Takipde Kalın!
Günlük gelişmeleri takip edebilmek için habertürk uygulamasını indirin
Gündem Ekonomi Dünya Spor Magazin Kadın Sağlık Yazılar Teknoloji Gastro Video Stil Resmi İlanlar

ÖZGÜR Suriye Ordusu’nun (ÖSO) Münbiç’te, Amerikan bayraklı araçlara ateş açtığı haberinden sonra Washington’daki ulusal güvenlik yazarlarıyla birlikte kriz yönetimi moduna girdik. Hele bölgede “Operation Inherent Resolve” adı altında bulunan Amerikan gücünün sözcüsü Albay Ryan Dillon’un yaşanan olaydan Türkiye’yi de sorumlu tutuyormuş gibi açıklama yapması, kriz modumuzda bir yükselmeye yol açtı. Pentagon kaynakları, ÖSO’yu kontrolü altında tutan Türkiye’ye kaygıların iletildiğini ve “Umarız bir daha bu tür istenmeyen olaylar yaşanmaz” mesajının verildiğini söylerken Dışişleri Bakanlığı sessizliğini korudu.

Suriye’nin kuzeyinde YPG’ye desteğini sürdüren ABD, PKK’yla bağlantılı bu milisleri korumak için bir süredir bölgede Amerikan bayrağı açılmış Stryker araçlarıyla devriye geziyor. Bu Amerikan bayrağı açılmış araçlarda zaman zaman PKK militanlarının da taşındığı biliniyor.

ÖSO’dan bu araçlara bir taciz ateşi açıldığını belirten Amerikan kaynakları, ateşe karşılık verildikten sonra daha güvenli bölgeye çekildiklerini söylüyorlar. Aynı kaynaklar, ateş açılan bölgede sadece yerel ÖSO güçlerinin bulunduğunu, TSK’nın bulunmadığını da söylediler.

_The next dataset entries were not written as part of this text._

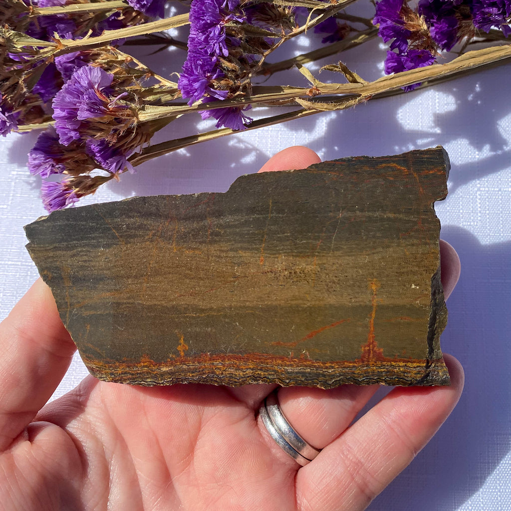 The trio of minerals that make up this stone can give you a centering and calming energy, which makes tiger iron a very powerful grounding stone.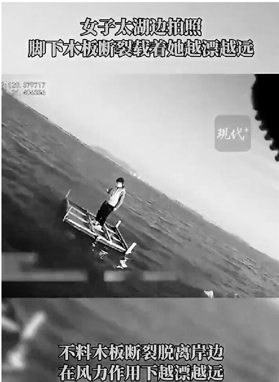 近日,江苏苏州北太湖中央出现惊险一幕:一名女子坐在一块木板上,手里握着一部手机,被困在湖中。原来,女子在太湖边游玩,站在木板上拍照时,不料木板突然断裂脱离岸边。她想自行划回岸边,木板却在风力的作用下越漂越远,无奈只好拨打手机报警求助。警方和渔政部门出动救援船,通过望远镜寻找到女子,所幸救援及时,女子身体无碍。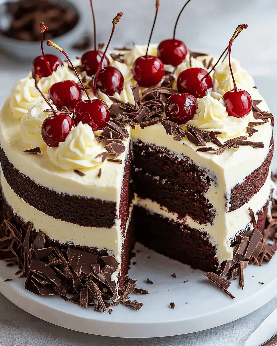 Black Forest Cake is not just a dessert; it’s an experience that brings together rich flavors and beautiful presentation. With its layers of moist chocolate, luscious whipped cream, and tart cherries, this classic cake is perfect for any occasion, whether it’s a birthday, holiday, or simply a treat for yourself.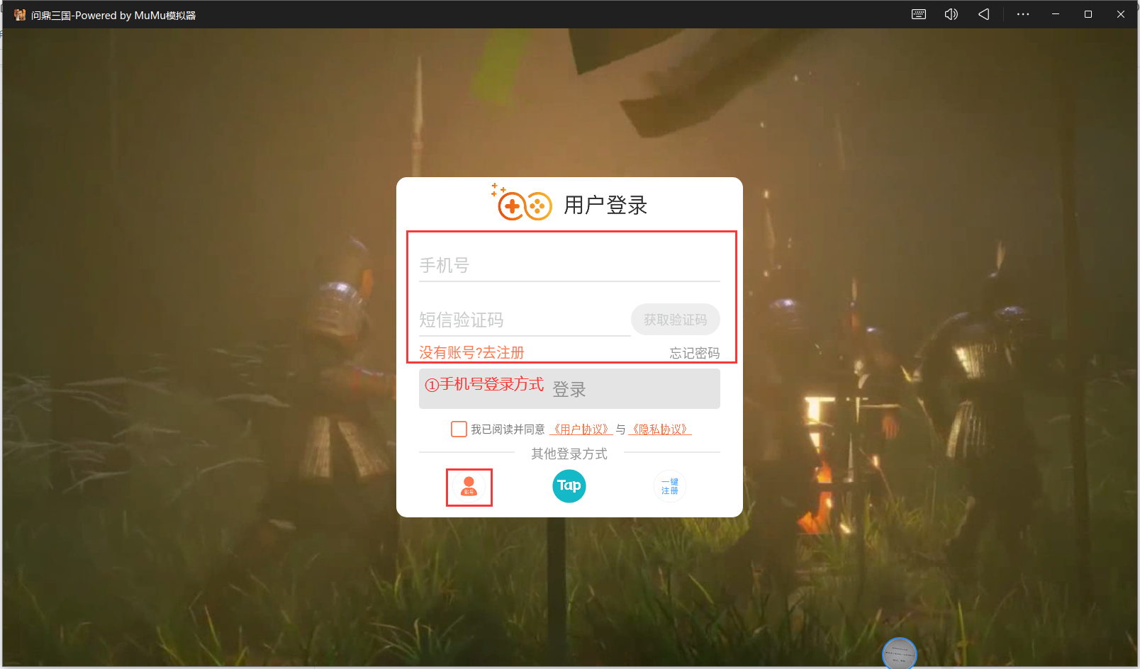①手机号注册的官方账号方式,输入手机号+验证码即可登录。

Bu kaynaklar, son derece karışık ve hassas durumda olan bölgede bu tür spontane karşılıklı ateş açılmasının normal olduğunu, asıl önemli olanın işlerin büyümeden durması gerektiğini söylüyorlar. Bu olayın temeline inmek için resmi kaynaklarda fazla yeni açılım yok. Onlar sadece ellerine konuşma metni verilmiş gibi hep şu aynı şeyi söylüyorlar:

RESMİ TAVIR

“ABD’nin YPG’ye vermekte olduğu destek sadece DEAŞ ile savaş bitinceye kadardır. Türkiye’ye bunu defalarca anlattık. Hatta Genelkurmay Başkanı’mız Türkiye’nin Genelkurmay Başkanı ile bu konuyu en azından 15 kez konuştu. Fakat ne kadar anlattıysak da Türkiye itirazlarının düzeyini sürekli yükselterek sürdürüyor. Washington’da bu konuda Türkiye’nin hassasiyetleri biliniyor, ama DEAŞ’la mücadele önceliği olduğundan Washington farklı adımları şu an atamıyor.”

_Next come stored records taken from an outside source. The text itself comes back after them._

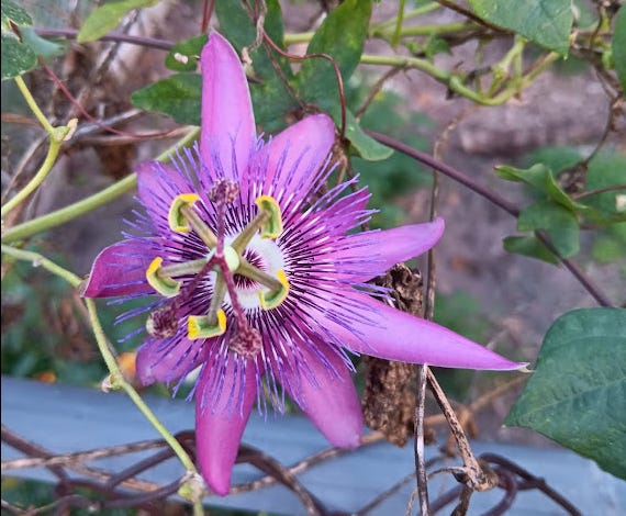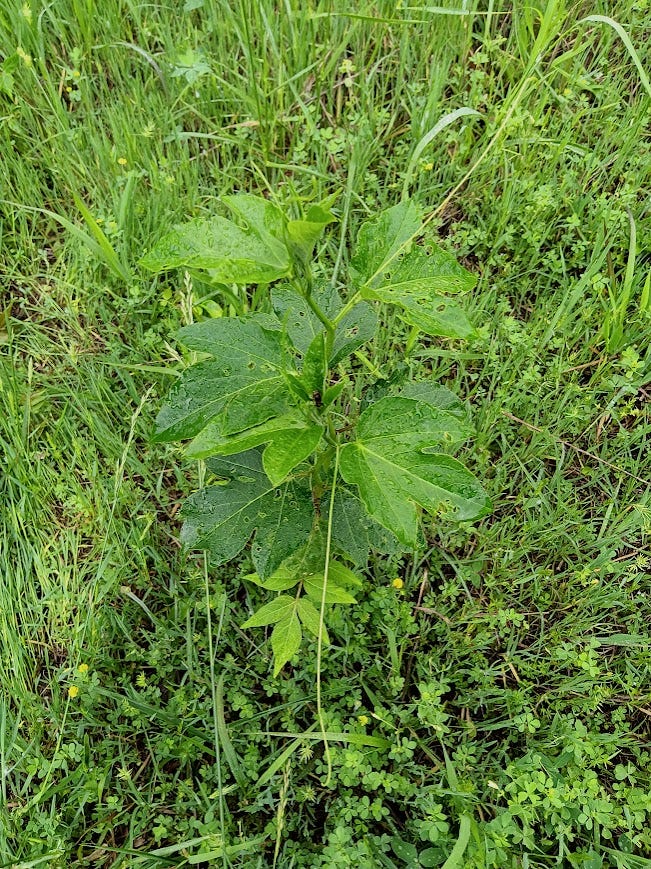 Passion vine is coming up again in the field, along with several varieties of milkweed. I’m thrilled about both of these because passion vine is a medicinal plant that’s useful for soothing anxiety, and of course, milkweed is a host plant for monarch butterflies. Passion vine pops up in different spots throughout the field, climbing the tall grass as it grows throughout the summer. I can’t wait to see its alien-like blooms emerge in the next month or so.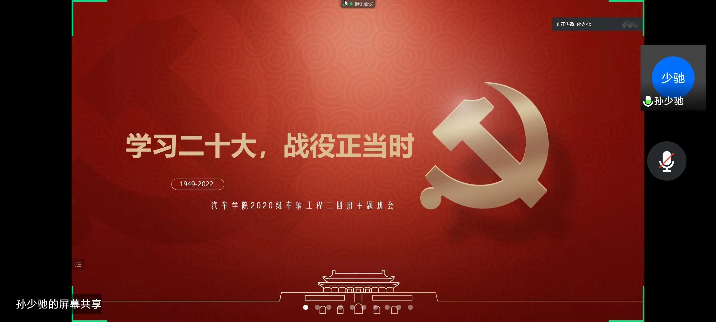 为深入学习党的二十大精神,贯彻落实无码av影片防疫措施,10月27日,无码av影片 2020级车辆工程三四班联合举行“学习党的二十大,争做抗疫生力军”线上主题班会。班会由车辆工程三班班长孙少驰主持。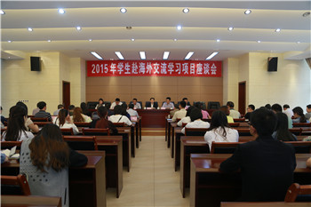 5月7日,学校召开2015年学生赴海外交流学习项目座谈会。校长孟兆怀,达州市政府外事侨务办主任张秦、副主任何洪涛,香港树德教育集团驻成都办事处项目主任刘井涛出席。会议由副校长李壮成主持。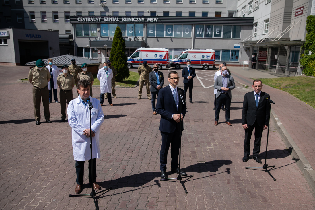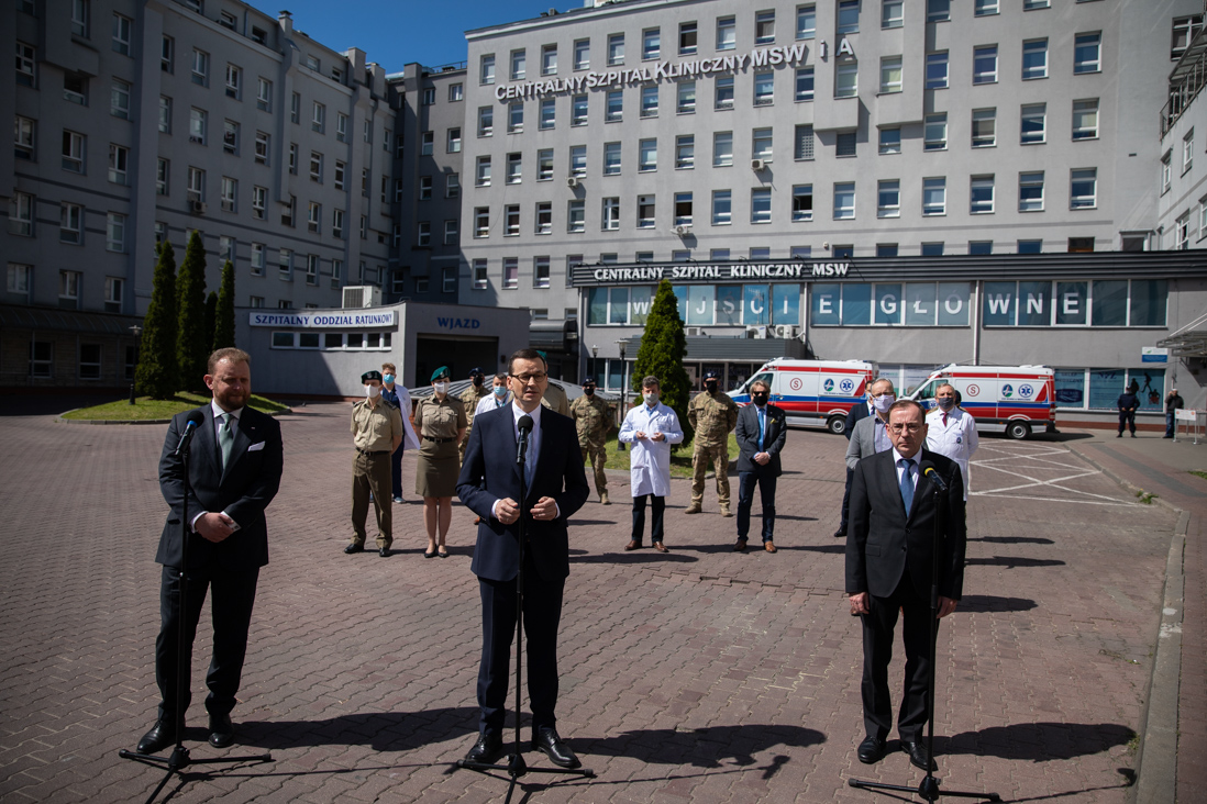 Premier Mateusz Morawiecki, minister spraw wewnętrznych i administracji Mariusz Kamiński oraz minister zdrowia Łukasz Szumowski wzięli udział we wtorkowej (2 czerwca br.) konferencji prasowej, podsumowującej działania związane z pandemią COVID-19. Podczas konferencji w Centralnym Szpitalu Klinicznym MSWiA w Warszawie podziękowano służbom za skuteczną walkę z koronawirusem.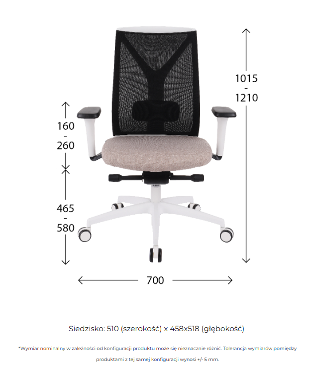 - Płynnie regulowana wysokość oraz głębokość siedziska. Regulacja głębokości siedziska ogranicza ryzyko drętwienia uda dla wysokich Użytkowników lub niewykorzystania funkcji oparcia dla osób legitymujących się nieco niższym wzrostem.

Bu konuda bize hep söylenen resmi görüş bu. Ama bunun ötesinde bölgede son derece tehlikeli boyuta ulaşma potansiyeli olan bir gerginliğin de bulunduğu kesin. Ben de Washington’da tanıdığım ulusal güvenlik yazarı arkadaşlarımdan rica ettim ve aralarında Pulitzer ödüllü gazetecilerin de bulunduğu bu arkadaşlarla son durumu konuşmak için buluştuk.

MESELENİN GERÇEĞİ

Şimdi uzun sohbetimizden çıkardığım sonuçları özetleyeceğim. Okurken bunların Amerika’nın resmi görüşü olmadığını, sadece şu anda Amerikan istihbarat ve ulusal güvenlik camiasından en doğru bilgileri alabilen gazetecilerin sözleri olduğunu unutmayın:

1- Bir süre önce Pentagon Sözcüsü Jeff Davis, “DEAŞ’tan başka tarafa saldıran olmasın diye Münbiç’e konuşlandık” diye bir açıklama yapmıştı. Bunun anlamı şu: DEAŞ ile çarpışan YPG’ye kimse saldırmasın diye, onları korumak için oradayız.

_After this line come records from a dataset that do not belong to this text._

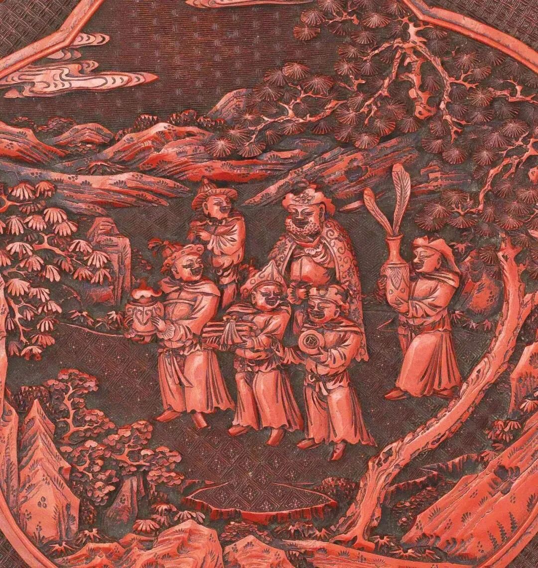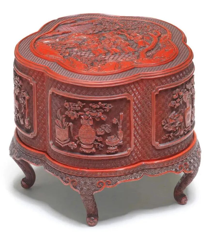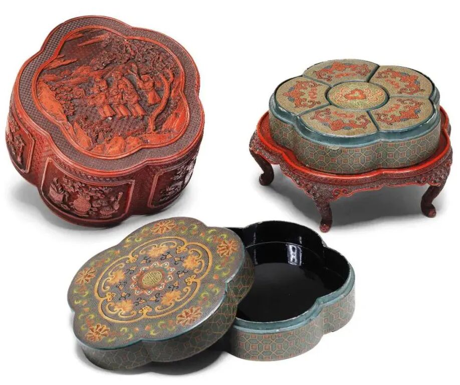 清乾隆 剔红胡人进宝梅花式套盒(6-8万)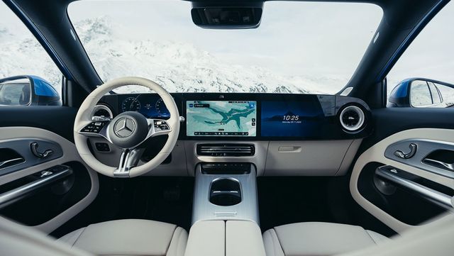 실내는 MBUX 슈퍼 스크린을 중심으로 구성된다. 대형 유리 패널 아래에 10.25인치 클러스터와 14인치 센터 디스플레이, 14인치 조수석 디스플레이가 연속으로 배치됐다. 메르세데스-벤츠 자체 운영체제인 MB.OS가 적용되며, 인텔리전트 클라우드와 연결된 슈퍼컴퓨터를 통해 주요 기능 OTA 업데이트가 가능하다.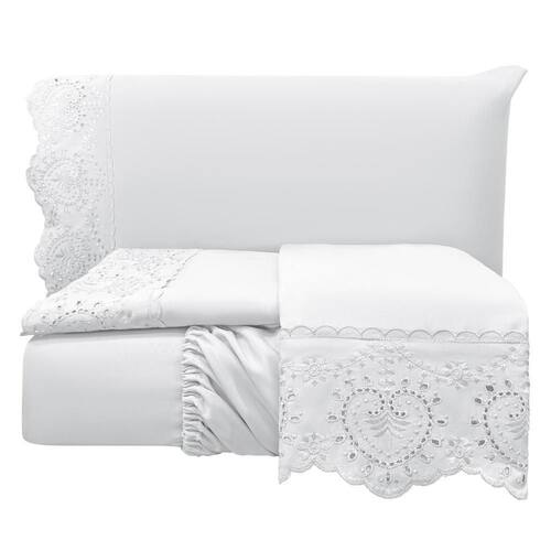Jogo Cama Lençol Detail King Bordado Guipir Bordado Inglês Percal 300 Fios 4 Peças - Branco

2- Bu yüzden ÖSO’dan açılan ateşe ateşle karşılık verilmesi şaşırtıcı ve beklenmedik bir gelişme değil. Bize göre ileride işlerin büyümesi ihtimali de var ve bu ABD-Türkiye ilişkisi açısından çok tehlikeli ve istenmeyen sonuçlar doğurabilir.

3- Mattis, Türkiye’deyken “DEAŞ’la mücadele bittikten sonra YPG ile işbirliğimiz bitecek” demişti. Biz bunun olacağına inanmıyoruz. Yani DEAŞ sonrası bile Amerika’nın YPG’ye desteği sürecek.

4- Ayrıca Mattis, “YPG’ye verdiğimiz tüm silahlar DEAŞ tehlikesi bitince geri alınacak” demişti. Bize göre bunun olması da mümkün görünmüyor.

5- Amerika’nın Suriye’nin kuzeyinde bir Kürt oluşumu projesi var. Birimlerde “süzeren” devlet kavramı kullanılıyor bu oluşum için. Hatta Ruslarla da bu konu konuşuluyormuş. Afrin’de Rus gücünün bulunması da bununla bağlantılı olabilir.

6- Washington medya ve siyasi elitinin izlediği PBS haber kanalında, Kürtlerin Washington’da kamuoyu oluşturma çabalarının ne kadar üst düzeye ulaştığı açıkça görülüyor.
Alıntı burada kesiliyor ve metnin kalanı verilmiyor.